Tão inteligente que obrigou a um downgrade nas gerações seguintes, de onde provém Walter, igualmente interpretado por Michael Fassbender, o andróide ao serviço da tripulação, David usa o agente patogénico simultaneamente como instrumento de criação e de morte. Não aspira à condição de homem, mas de um Deus vingador por lhe ter sido negada a capacidade de criação. Como em Island of Lost Souls (A Ilha das Almas Selvagens, 1932) de Erle C. Kenton, outra ilha da morte formada pela intersecção de dois penhascos, a que se poderiam juntar King Kong (1933) de Merian C. Cooper e Ernest B. Schoedsack e Isle of the Dead (A Ilha dos Mortos, 1945) de Mark Robson, o acesso ao laboratório é feito através de uma gruta que simultaneamente funciona como vulva e falo, dependo do ponto de vista que tomemos, interior ou exterior. Também Dr. Moreau faz visitas guiadas que mostram o resultado das pesquisas científicas que conduz, questionando: “do you know what it means to feel like God?” – mesmo que daí resultem aberrantes criaturas irremediavelmente incontroláveis.

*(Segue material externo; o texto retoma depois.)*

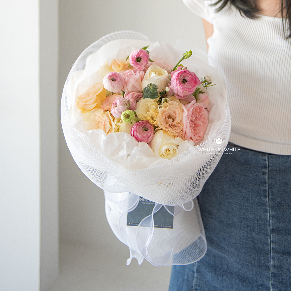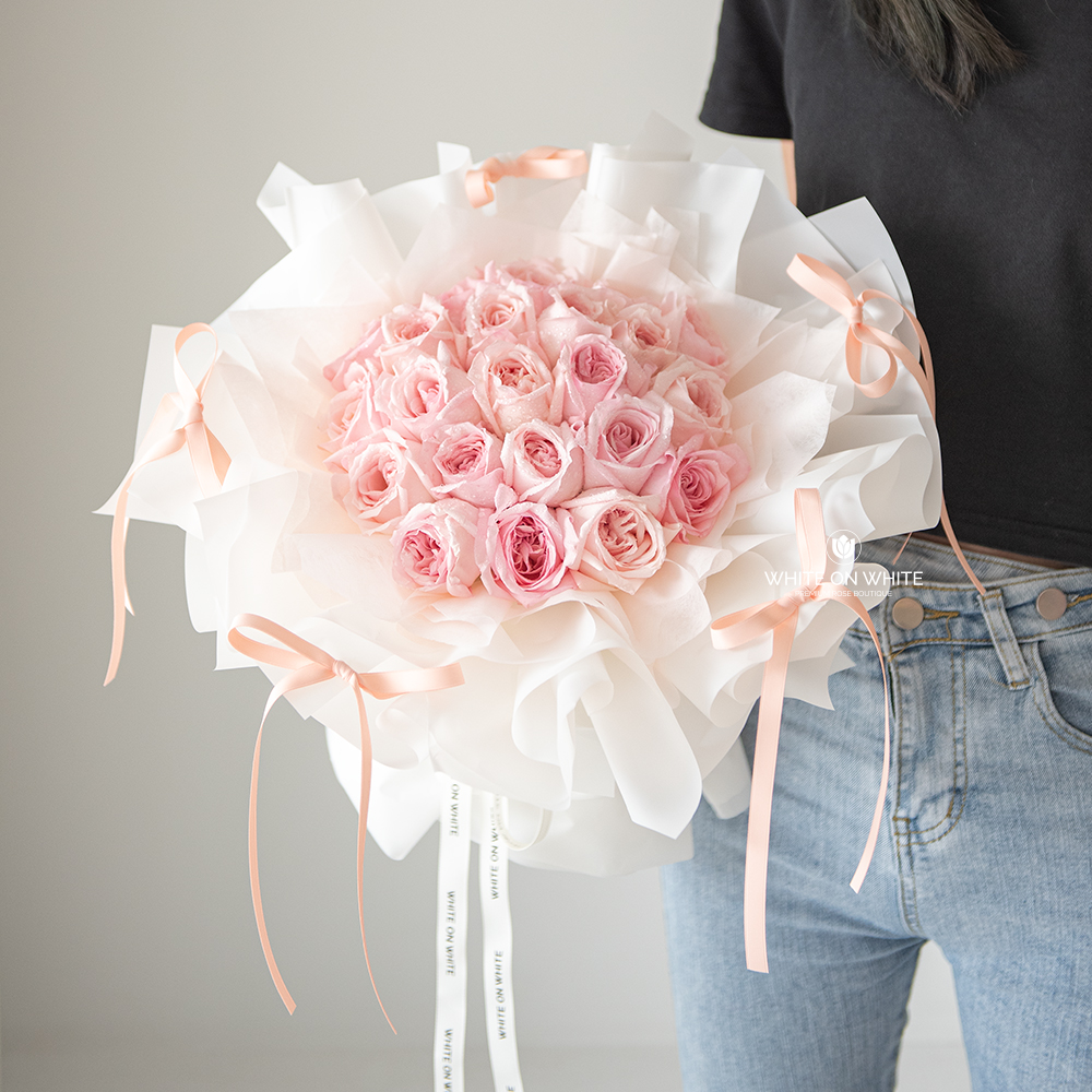 Moreover, this interplay of color and texture makes the lychee rose an eye-catching addition to gardens and floral arrangements. At White On White, our flower shop, we highlight this exquisite flower in many of our bouquets. Ultimately, the combination of its stunning hue and luxurious feel makes the lychee rose a standout choice for anyone looking to add beauty and sophistication to their floral arrangements. As a trusted florist in KL, we ensure that every bouquet showcases the best of what nature has to offer.
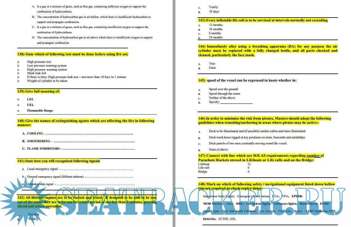 Cadet Interview Questions and Answers - BSMA, Capt. Alex Tsetskhladze [2022, DOC]
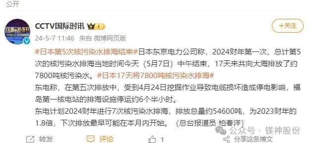 根據(jù)東電公布的最新計(jì)劃,2024年度擬分7次排出5.46萬(wàn)噸核污染水,是2023年度的約1.7倍。日本國(guó)內(nèi)外民眾持續(xù)抗議核污染水排海,但日本政府和東京電力公司無(wú)視民眾怒火,執(zhí)意排污,引發(fā)廣泛擔(dān)憂。多家日本企業(yè)(如:日本神島化學(xué)有限公司、日本協(xié)和化學(xué)工業(yè)有限公司、日本富田制藥株式會(huì)社、日本宇部株式會(huì)社、日本達(dá)泰豪化工工業(yè)株式會(huì)社等)正在使用被核廢水污染的海水生產(chǎn)鎂鹽產(chǎn)品(如:碳酸鎂、硫酸鎂、氫氧化鎂、氧化鎂等)的事實(shí)引起了人們的關(guān)注。
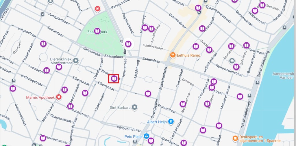 In de Bomenbuurt in Haarlem-Noord staat op de Berkenstraat 5 deze bijzondere minibieb. In de buurt vind je het Zaanenpark en het oude Raadhuis van Schoten. Vlakbij vind je 3 andere minibiebs.

Composto por insinuações de indefinição dos papéis sexuais estabelecidos, Island of Lost Souls é um filme pré-Código Hays e, possivelmente, uma das razões porque os produtores de Hollywood se uniram para pôr termo à liberalidade que vivia o cinema durante a década de 1920. Protagonizado por Charles Laughton, no papel de cientista obcecado com experiências de cruzamento entre animais, são sugestivos os olhares e as palavras que lança a Richard Arlen, enquanto observa atentamente os passos para o acasalamento com a sua única criação feminina, a mulher pantera. Prolongando as discussões dos anteriores capítulos, em torno de androginia e ambiguidade sexual, tanto da criatura alienígena como das personagens humanas, em Alien: Covenant, a exposição ao agente patogénico assume a forma de cópula de que resultam partos a partir de estranhas partes do corpo (das costas até à boca), como outras formas de organização familiar entre os colonos são sugeridas por casais formados por elementos do mesmo sexo. Uma longa cena protagonizada por David e pelo irmão Walter sugere explícitos contornos de iniciação homoerótica. Depois de um beijo nos lábios, frente a frente, David ensina Walter a tocar flauta, colocando-lhe na boca o instrumento para soprar. Primeiro, os dedos de David movimentam-se delicadamente pelo orifícios. Depois, são os dedos de David que ajudam os de Walter no movimento. Finalmente, Walter sopra e movimenta sozinho os dedos. Outros tempos, outras vontades, outras formas de representação da sexualidade.